With our material investment into R&D in this space, and lots of testing, we’ve released 4 modes (workflows) that our assistant can help users with: Support, Partner Onboarding, Insights and Compliance (read more about them below). If you’re interested in our journey, read on, or if you’d rather just check it out for yourself, you can sign up for a free account here.
Why it is so difficult to get the last 20%
In short, there are a growing number of offerings that make it easier to launch assistants that work; however, the challenge begins when you want to incorporate the technology into more business critical or automated situations requiring high degrees of accuracy and repeatability.
This process requires iterative and repeated testing across all the choices or parameters that become available along the way. The entire project quickly turns into an optimization problem, with even small changes to choices in how source documents are parsed or the choice of model temperature (a measure of how deterministic the model is) can sometimes have material impacts to output performance. Given the workflows we’ve built our assistants for, our focus has been on the accuracy of the information returned, and the repeatability - it doesn’t help if the assistant gives two team-members completely different answers to the same question.
Charting a course through the evolving AI landscape requires more than general tools—it demands specialized expertise. At Convictional, we’ve dedicated ourselves to fostering a deep understanding of AI that evolves with the technology. Our approach is proactive, by investing in knowledge and skills, we ensure that our offerings remain at the forefront of innovation.
The Optimization Problem
Toolkits offered by LangChain (an open source development library for building Assistants using foundation models like OpenAI), as well as the recent release of OpenAIs GPT-Builder and Assistants API, mean that standing up a simple prototype can be done with a few dozen (or less) lines of code in a python notebook. Further, a competent engineer can quickly build a web-serving app which can be incorporated into a frontend chat (typically another engineer). However, along the way you’ll have to make a lot of decisions:
- What model will you use? OpenAI’s GPT-4 is still the highest benchmarked model for most generalized tasks, however it comes with tradeoffs on cost, privacy, model willingness to reply and availability. Maybe you want to explore your own open-source hosted model (e.g. Llama2, we did - GPT-4 is still worth it in most cases), or maybe try other foundation models such as Anthropic’s offerings or Google’s PaLM/Bard (we also tried these, GPT-4 is still better in our testing).
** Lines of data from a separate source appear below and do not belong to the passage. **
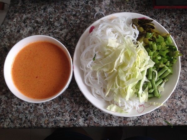 ขนมจีนน้ำยากะทิ (เส้นขนมจีนใช้เส้นขนมจีนอบแห้งของเวียดนามค่ะ)
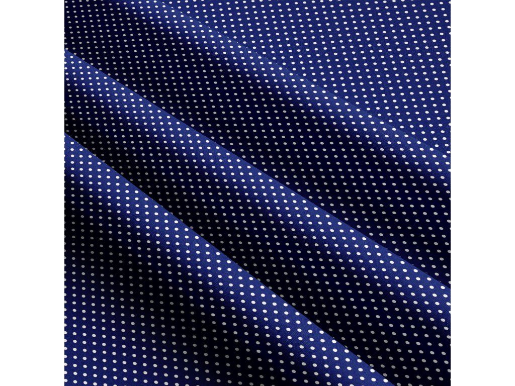 Dětské bavlněné látky, metráž. Puntík 2 mm, Bílý na Modrém
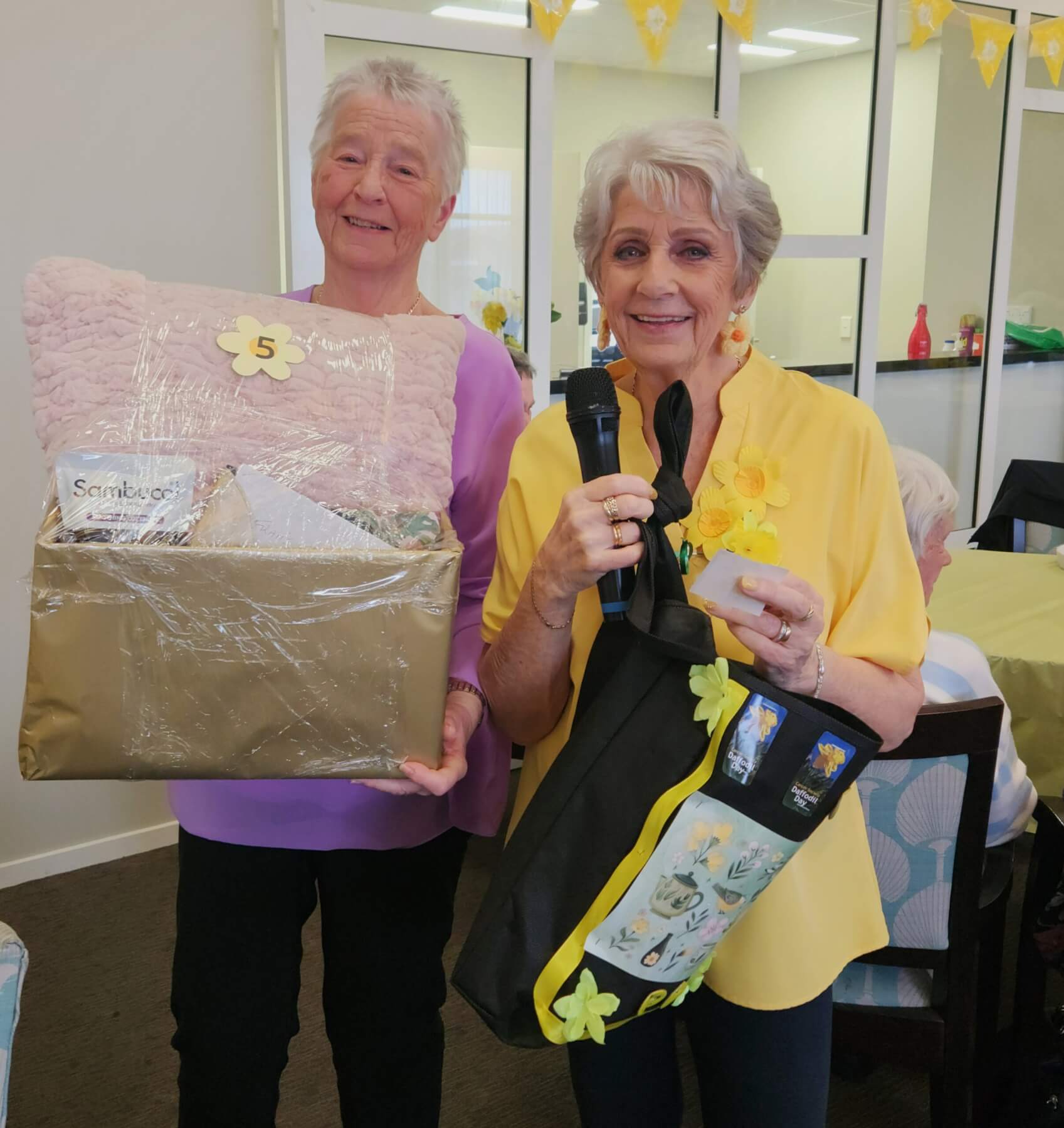 - Cambridge Resthaven resident Annette Watkinson pictured with her raffle winnings, presented by the raffle and event organiser, Linda Gorham. Photo: supplied

- How will you get your documents? Sharing files is easy, and most users are used to doing this - but what if the content is on the web? Are you prepared to stand up technology just to retrieve this and keep it up to date? Furthermore, some tasks require generatively augmented documentation where documents are ‘pre-read’ by a language model and augmented with meta-data or additional generated content to better aid the model at the time of the user’s question.
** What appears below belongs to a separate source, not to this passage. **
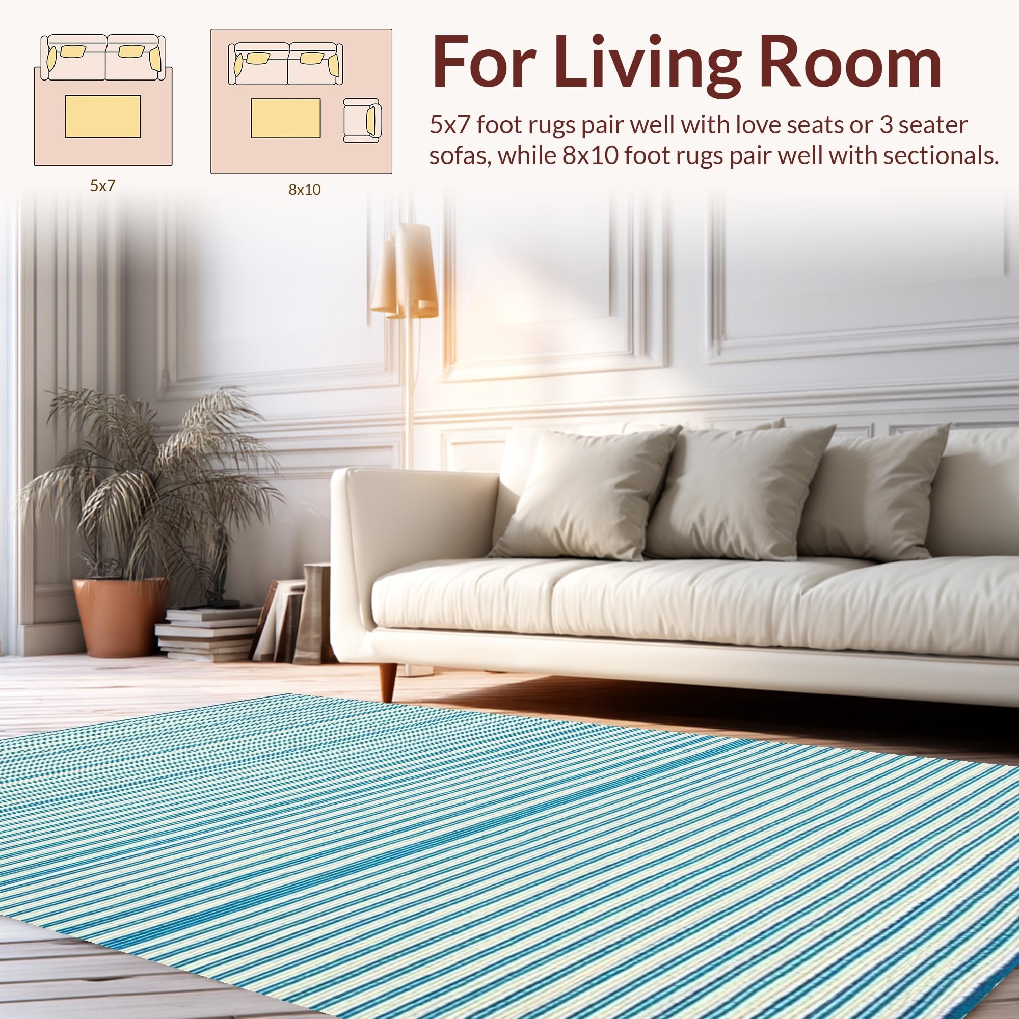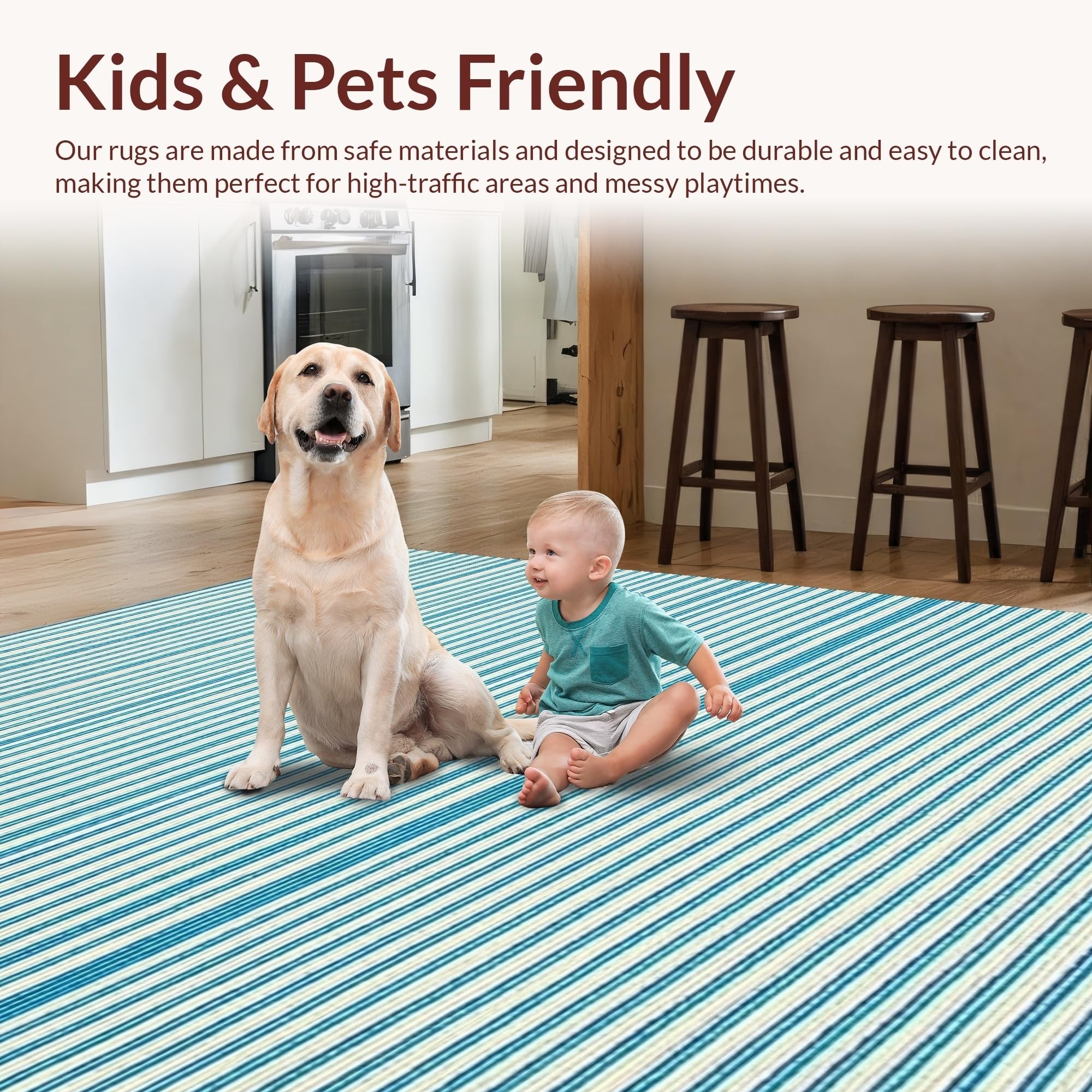 Ultra Soft Area Rug, Non Slip, Stain Resistant, Washable Area Rugs for Living Room, Bedroom, Contemporary Serene Stripe Play(White) Overview:

- How will you store documents for retrieval? In order to make them available to your assistant when users ask a question, you’ll need to parse, chunk and vectorize the docs. You’ll need to decide which parser (document reader) to use for each doc type (here’s a short list of LangChain supported parsers, we have tested many), what chunking algorithm you’ll use (which breaks your documents up into smaller chunks with more focused topics), and finally the embedding algorithm you’ll use along with where you’ll store them (Embedding your chunks is required to perform a similarity search against a user’s question and can be stored in many ways: flat files, cloud providers such as Google’s Vector Search, or specific vector database providers such as Pinecone).
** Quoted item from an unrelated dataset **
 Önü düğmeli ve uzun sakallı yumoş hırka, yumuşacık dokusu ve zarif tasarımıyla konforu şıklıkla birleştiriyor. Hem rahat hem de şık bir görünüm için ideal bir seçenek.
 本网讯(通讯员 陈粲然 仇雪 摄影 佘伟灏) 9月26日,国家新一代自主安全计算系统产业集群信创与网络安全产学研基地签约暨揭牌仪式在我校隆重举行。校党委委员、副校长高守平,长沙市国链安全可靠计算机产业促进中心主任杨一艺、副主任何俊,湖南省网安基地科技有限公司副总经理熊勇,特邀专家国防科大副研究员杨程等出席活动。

- How will you test? We’ve seen many offerings for building and testing chains - but they all seem to fall down for production workflows. We ultimately decided that we would build our own tests to evaluate the effects of changes to parameters, changes or supporting technology while still following language model output evaluation best practices.
- Prompt Engineering is real - I’ll admit that I was part of the crowd early on poking fun at the practice of prompt engineering, however it is clear that prompts are extremely powerful ways to tune and adjust the behaviour or outputs of the model, and the art of how you accomplish this is one grok’d through iteration and trials. Ultimately, the system prompts you provide become yet another (continuous and infinitely dimensional) parameter space you can explore.
- Finally, are you ready for the added tech debt? Like any production application, ongoing support and spend is required which is exacerbated by the specialized expertise needed to maintain and iterate on language modeling.
Putting this all together, it becomes clear that building a chain which reliably behaves and accurately replies, is akin to searching a parameter space like you would in any other machine learning optimization problem. However, given the need for user feedback, the iteration speed can be slow (although using a separate moderation agent goes a long way) meaning your search is limited to how quickly you can garner said feedback; it is not nearly as simple as hitting run on a bayesian parameter search algorithm and getting a coffee.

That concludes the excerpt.